Problem to work on
The reply is to be the lines from the one with "白糖与F55果葡糖浆价差对比" through the last line of the records below, each retyped exactly, with pictures left out.

(Entries taken from a collection)
=====

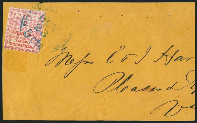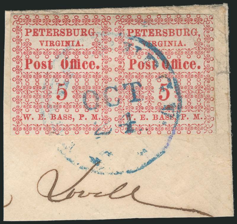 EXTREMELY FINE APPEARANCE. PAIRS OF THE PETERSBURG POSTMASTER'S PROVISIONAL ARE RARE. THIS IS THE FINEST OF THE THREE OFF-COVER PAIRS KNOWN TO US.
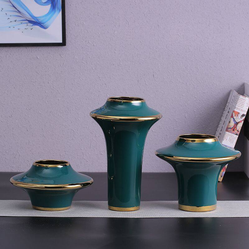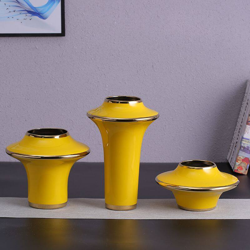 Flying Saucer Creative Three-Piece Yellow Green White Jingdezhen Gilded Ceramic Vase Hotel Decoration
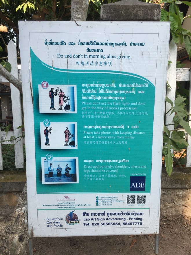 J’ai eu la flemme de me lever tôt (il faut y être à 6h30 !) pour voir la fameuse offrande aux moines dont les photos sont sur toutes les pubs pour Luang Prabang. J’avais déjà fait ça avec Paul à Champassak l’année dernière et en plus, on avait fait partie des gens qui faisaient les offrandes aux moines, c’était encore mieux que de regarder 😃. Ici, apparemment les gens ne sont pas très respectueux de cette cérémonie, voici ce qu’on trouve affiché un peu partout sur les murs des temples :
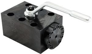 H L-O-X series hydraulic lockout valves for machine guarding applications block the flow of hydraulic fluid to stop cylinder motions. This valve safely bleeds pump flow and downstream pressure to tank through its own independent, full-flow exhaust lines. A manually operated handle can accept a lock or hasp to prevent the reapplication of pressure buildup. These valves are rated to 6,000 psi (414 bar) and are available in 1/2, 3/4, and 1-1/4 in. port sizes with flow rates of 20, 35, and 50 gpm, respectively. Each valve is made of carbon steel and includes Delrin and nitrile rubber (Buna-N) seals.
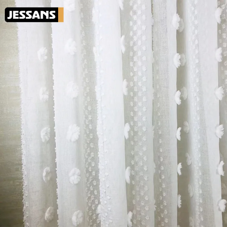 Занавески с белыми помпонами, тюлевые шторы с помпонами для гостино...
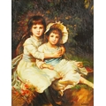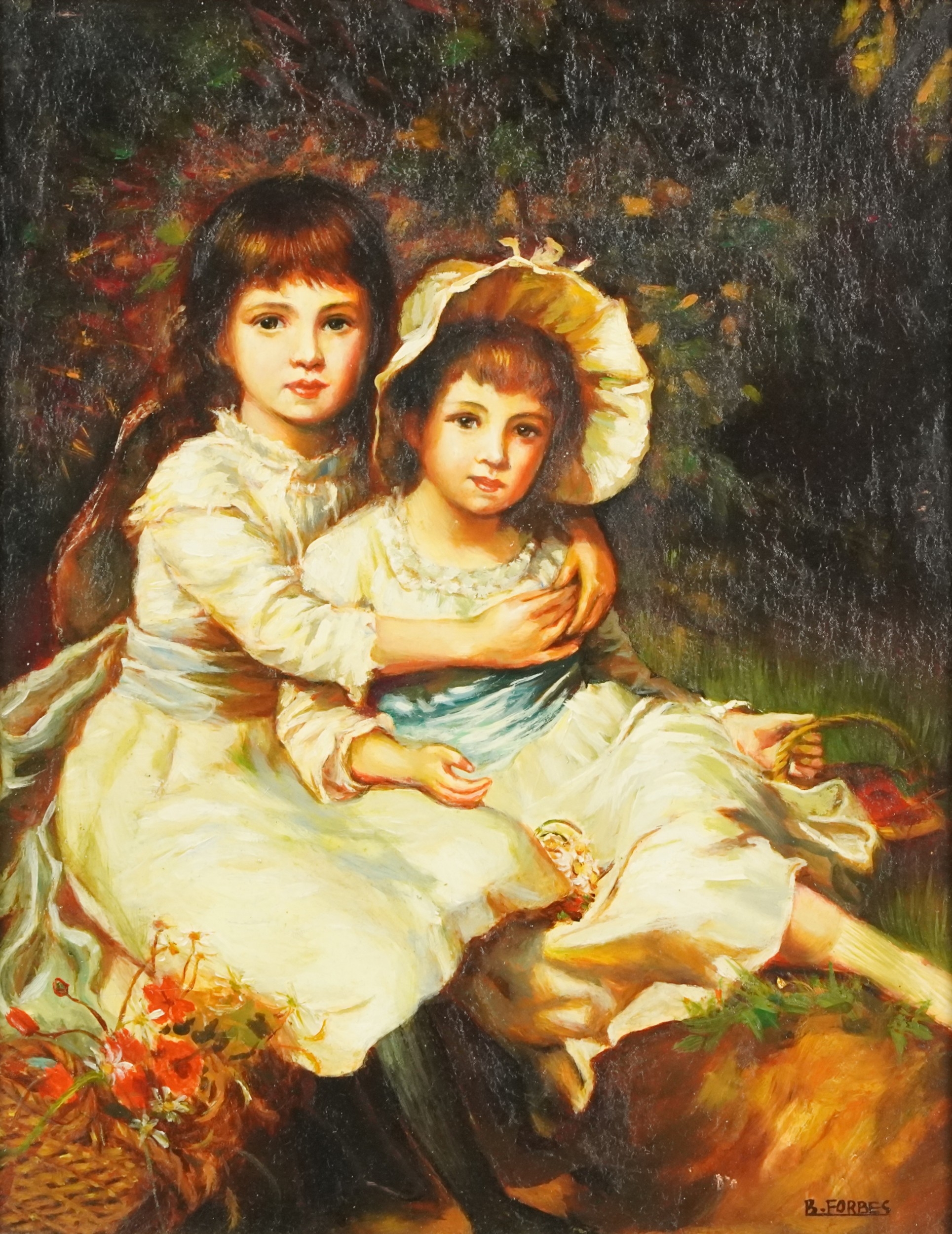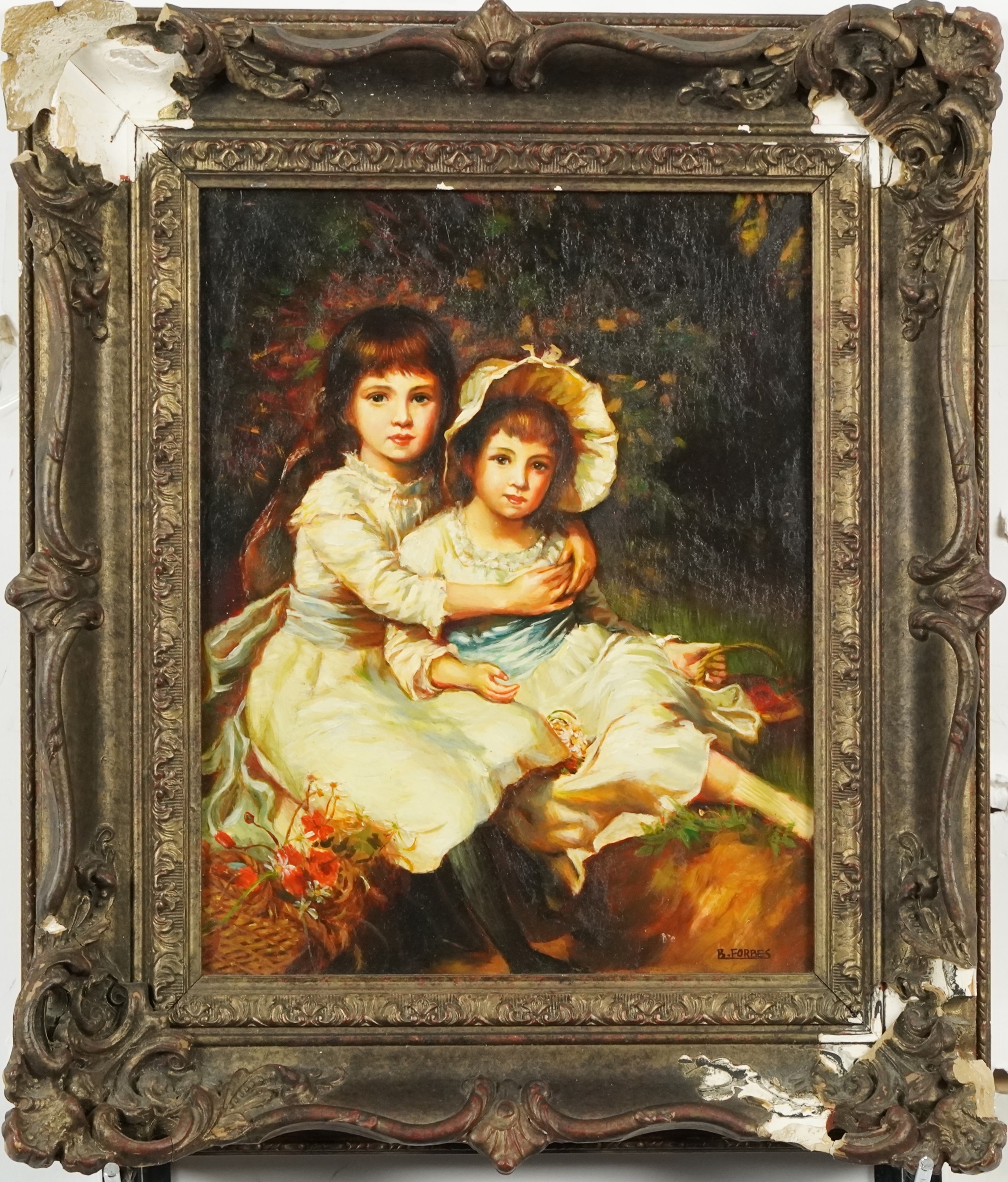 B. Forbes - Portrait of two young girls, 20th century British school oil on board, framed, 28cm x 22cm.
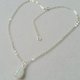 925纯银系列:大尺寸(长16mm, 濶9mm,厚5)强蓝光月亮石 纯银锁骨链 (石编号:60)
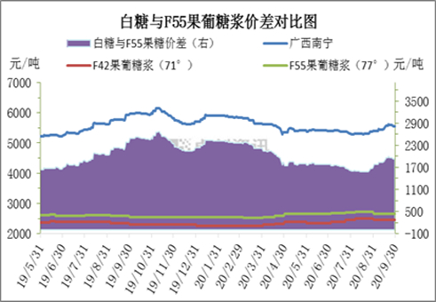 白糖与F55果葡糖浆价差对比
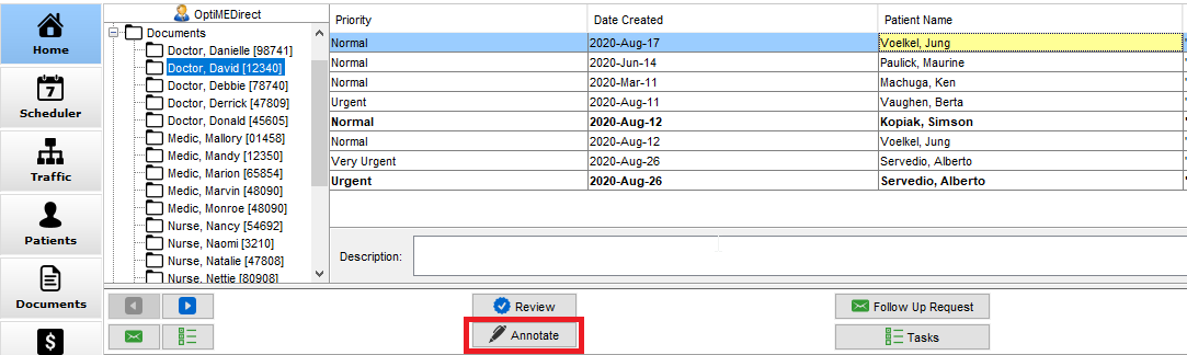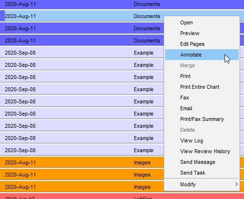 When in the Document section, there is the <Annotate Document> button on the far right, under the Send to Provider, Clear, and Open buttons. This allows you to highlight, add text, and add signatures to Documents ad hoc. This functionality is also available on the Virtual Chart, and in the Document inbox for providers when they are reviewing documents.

=====

Your solution
 白糖与F55果葡糖浆价差对比
 When in the Document section, there is the <Annotate Document> button on the far right, under the Send to Provider, Clear, and Open buttons. This allows you to highlight, add text, and add signatures to Documents ad hoc. This functionality is also available on the Virtual Chart, and in the Document inbox for providers when they are reviewing documents.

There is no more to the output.